Front. Endocrinol., 21 December 2023
Sec. Cardiovascular Endocrinology
This article is part of the Research Topic Endocrine insights into heart disease View all 18 articles

Thyroid markers and body composition predict LDL-cholesterol change in lean healthy women on a ketogenic diet: experimental support for the lipid energy model

Isabella D. Cooper&#x;Isabella D. Cooper1†Claudio Sanchez-Pizarro,&#x;Claudio Sanchez-Pizarro2,3†Nicholas G. NorwitzNicholas G. Norwitz4David FeldmanDavid Feldman5Yvoni KyriakidouYvoni Kyriakidou1Kurtis EdwardsKurtis Edwards1Lucy PetagineLucy Petagine1Bradley T. ElliotBradley T. Elliot1Adrian Soto-Mota,*Adrian Soto-Mota2,3*
  • 1Ageing Biology and Age-Related Diseases, School of Life Sciences, University of Westminster, London, United Kingdom
  • 2Metabolic Diseases Research Unit, National Institute of Medical Science and Nutrition Salvador Zubiran, Mexico City, Mexico
  • 3Tecnologico de Monterrey, Escuela de Medicina y Ciencias de la Salud, Mexico City, Mexico
  • 4Harvard Medical School, Boston, MA, United States
  • 5Citizen Science Foundation, Las Vegas, NV, United States

Introduction: There is a large heterogeneity in LDL-cholesterol change among individuals adopting ketogenic diets. Interestingly, lean metabolically healthy individuals seem to be particularly susceptible, with an inverse association between body mass index and LDL-cholesterol change. The lipid energy model proposes that, in lean healthy individuals, carbohydrate restriction upregulates systemic lipid trafficking to meet energy demands. To test if anthropometric and energy metabolism markers predict LDL-cholesterol change during carbohydrate restriction.
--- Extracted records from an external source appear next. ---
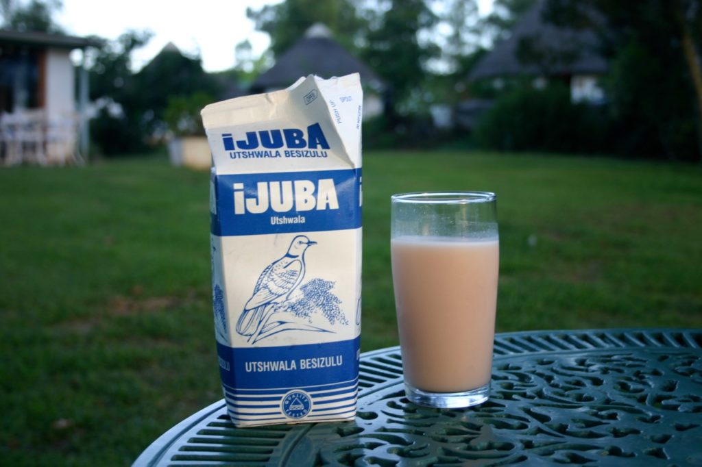 [2007] Van oudsher drinken de Zoeloes van Zuid Afrika een eigen soort bier, dat ze van sorghum brouwen. Wie een slok neemt van deze traditionele drank moet al zijn ideeën over bier bijstellen. Het wordt verkocht in kartonnen melkpakken van 1 liter. “Utschwala besizulu” – het bier van de Zoeloes – ruikt zuur als karnemelk. Als je het inschenkt ontstaat er geen schuimkraag. Utschwala is roze en ondoorzichtig als een glas Fristi. Ook klimmen er geen belletjes omhoog, zoals in het bier dat wij gewend zijn te drinken.De kenmerkende smaak is zachtzuur zoals ook volle yoghurt dat kan zijn. Ik heb niet het gevoel dat er alcohol in zit, en het ‘melkpak’ geeft daarover geen informatie.
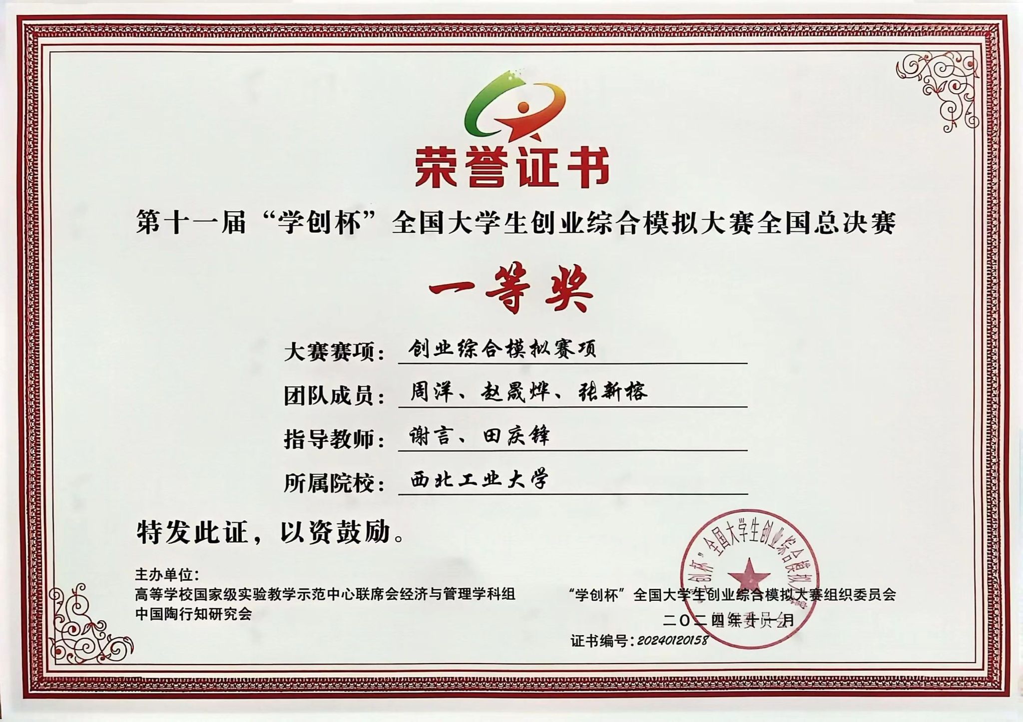该赛事从2024年3月正式启动,校内选拔赛由beat365平台官方网站企业经营与创业模拟创新实践基地承办,共有16支队伍报名参赛。经过校内选拔、陕西省赛及全国预选赛的层层选拔,历时8个月,在谢言副教授、田庆锋教授的指导下,在周珍副教授、邓巍副教授的支持下,beat365平台官方网站管理学院本科生周洋、赵晟烨、张新榕组成的参赛团队,凭借优异表现成功晋级全国总决赛,最终荣获全国一等奖。
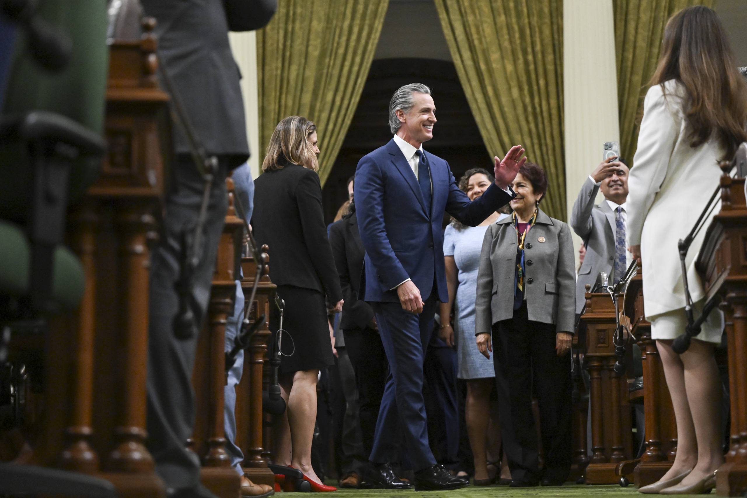 Gov. Gavin Newsom greets legislators as he arrives at the state Capitol in Sacramento to give his final State of the State address as governor on Thursday, Jan. 8, 2026. (Hector Amezcua/The Sacramento Bee)
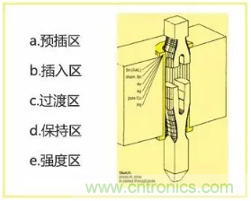 業(yè)界為 Press-fit 端子設(shè)計(jì)了各種形態(tài),這些形態(tài)各有優(yōu)缺點(diǎn)。其中,魚眼孔端子是應(yīng)用最為廣泛的 Press-fit 端子結(jié)構(gòu)。通常一個(gè)典型魚眼孔端子分 5 個(gè)區(qū)域(如上圖所示)。
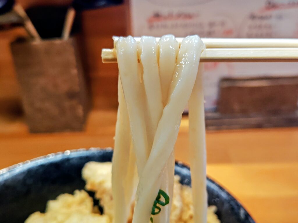 表面ツルツルのコシの強さにモチモチの弾力の旨うどんです。
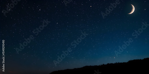 © Qrryferry, Naklejka premium A magical night sky with glowing stars and a crescent moon, ample copy space

Methods: Ten lean, healthy, premenopausal women who habitually consumed a ketogenic diet for ≥6 months were engaged in a three-phase crossover study consisting of continued nutritional ketosis, suppression of ketosis with carbohydrate reintroduction, and return to nutritional ketosis. Each phase lasted 21 days. The predictive performance of all available relevant variables was evaluated with the linear mixed-effects models.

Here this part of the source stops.